If a resource allocator is not available an alternative method to run multiple simulations across nodes is to use a message passing interface
(MPI
). The use of MPI
can vary from system to system and there is no universal solution to running across many node
for all HPC systems, however we provide an example (NAMD 3) which would work with
ThetaGPU.
TIES-NAMD
The parallelization of TIES in NAMD2
follows the same ideas as OpenMM
above. We want to run independent simulations
for all alchemical window and replica simulations. If in TIES.cfg split_run=0
the submission script that
TIES_MD
writes will use the NAMD
option +replicas X
this makes each NAMD
run X
replicas and the
run lines in sub.sh will look something like:
for stage in {0..3}; do
for lambda in 0.00 0.05 0.1 0.2 0.3 0.4 0.5 0.6 0.7 0.8 0.9 0.95 1.0; do
srun -N $nodes_per_namd -n $cpus_per_namd namd2 +replicas 5 --tclmain run$stage-replicas.conf $lambda&
sleep 1
done
wait
done
Alternatively if split_run=1
the run lines will look like:
for stage in {0..3}; do
for lambda in 0.00 0.05 0.1 0.2 0.3 0.4 0.5 0.6 0.7 0.8 0.9 0.95 1.0; do
for i in {{0..4}}; do
srun -N $nodes_per_namd -n $cpus_per_namd namd2 --tclmain run$stage.conf $lambda $i &
sleep 1
done
done
wait
done
Notice now the additional loop over $i
. So these run line are creating 65 different instances of NAMD
each
running 1 replica and one alchemical window. Anecdotally using the +replicas
results in less crashes and
we have tested up to +replicas 135
on ARCHER 2 with no crashes.

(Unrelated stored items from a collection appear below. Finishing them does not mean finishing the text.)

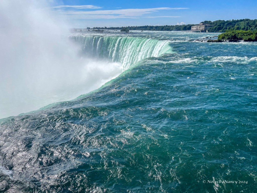 Horseshoe Falls are approximately 188 feet tall with a crest line over 2200 feet wide. Its plunge pool is approximately 100 feet deep. While far from the tallest or widest waterfall in the world, it has impressive power with over 681,750 gallons per second flowing over it – that’s enough water to fill an Olympic-size swimming pool (660,000 gallons) in less than a second! The International Control Dam (1954) above the falls is governed by a treaty specifying how much water has to flow over in the the daytime tourist season versus at night and winter. We joked about finding the valve to turn the water on/off when we were in the tunnel behind the falls, but the dam really can cut the flow in half!
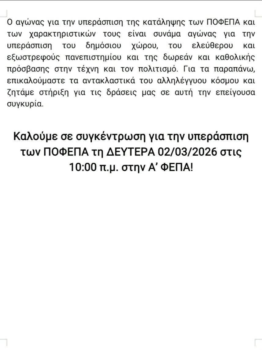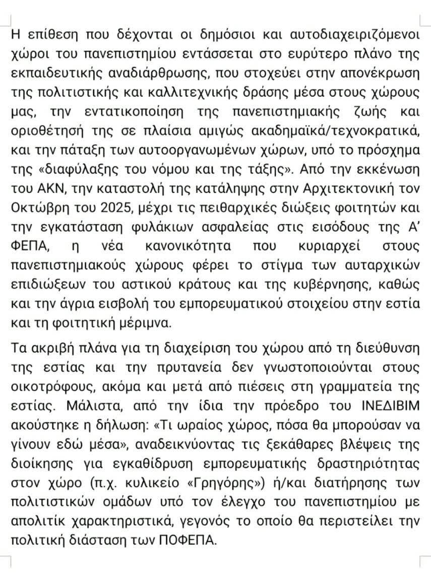 Οι ΠΟΦΕΠΑ τονίζουν ότι «η επίθεση που δέχονται οι δημόσιοι και αυτοδιαχειριζόμενοι χώροι του πανεπιστημίου εντάσσεται στο ευρύτερο πλάνο της εκπαιδευτικής αναδιάρθρωσης, που στοχεύει στην απονέκρωση της πολιτιστικής και καλλιτεχνικής δράσης μέσα στους χώρους μας, την εντατικοποίηση της πανεπιστημιακής ζωής και οριοθέτησή της σε πλαίσια αμιγώς ακαδημαϊκά/τεχνοκρατικά, και την πάταξη των αυτοοργανωμένων χώρων, υπό το πρόσχημα της διαφύλαξης ‘’του νόμου και της τάξης’’. Από την εκκένωση του ΑΚΝ, την καταστολή της κατάληψης στην Αρχιτεκτονική τον Οκτώβρη του 2025, μέχρι τις πειθαρχικές διώξεις φοιτητών και την εγκατάσταση φυλάκιων ασφαλείας στις εισόδους της Α΄ΦΕΠΑ, η νέα κανονικότητα που κυριαρχεί στους φοιτητικούς χώρους φέρει το στίγμα των αυταρχικών επιδιώξεων του αστικού κράτους και της κυβέρνησης, καθώς και την άγρια εισβολή του εμπορευματικού στοιχείου στην εστία και τη φοιτητική μέριμνα».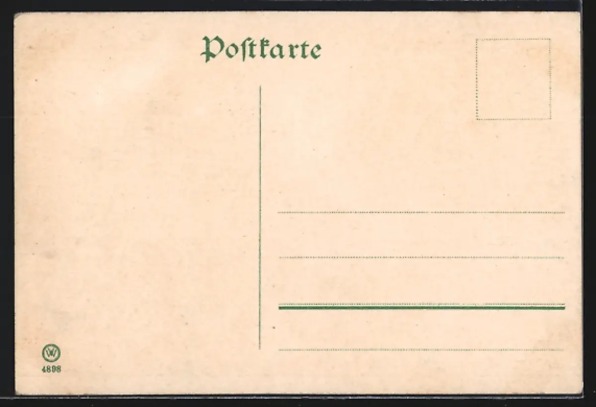 Personenbezogene Daten auf der Rückseite der Karte wurden durch blauen Textmarker unkenntlich gemacht. Die blauen Stellen sind auf die Vorderseite durchgeweicht und wirken sich negativ auf das Postkartenfoto aus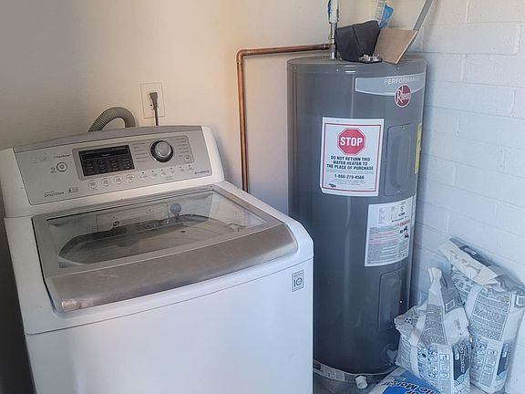 A 2 Bedrooms and 1 bathroom upstairs. Great Room floor Plan with dining area, coat closet, large pantry, private courtyard with separate laundry room. Newer AC Unit, New Flooring in the entire house, New Bathroom, Countertop, Almost Everything is new. Refrigerator will be provided before moving in date. Washer & dryer included. Home is close to the airport and Tempe. Located on 48th Street and Broadway Road. Home has electric appliances.

In the two above
examples the parallelism over alchemical windows is achieved in the loop over lambda.
Using NAMD3
parallelization can be achieved like so (NAMD 3). NAMD
in general has extensive options to provision
hardware and achieve parallelism, what have outlined here is not exhaustive and we would suggest consulting
the documentation for more a more comprehensive information.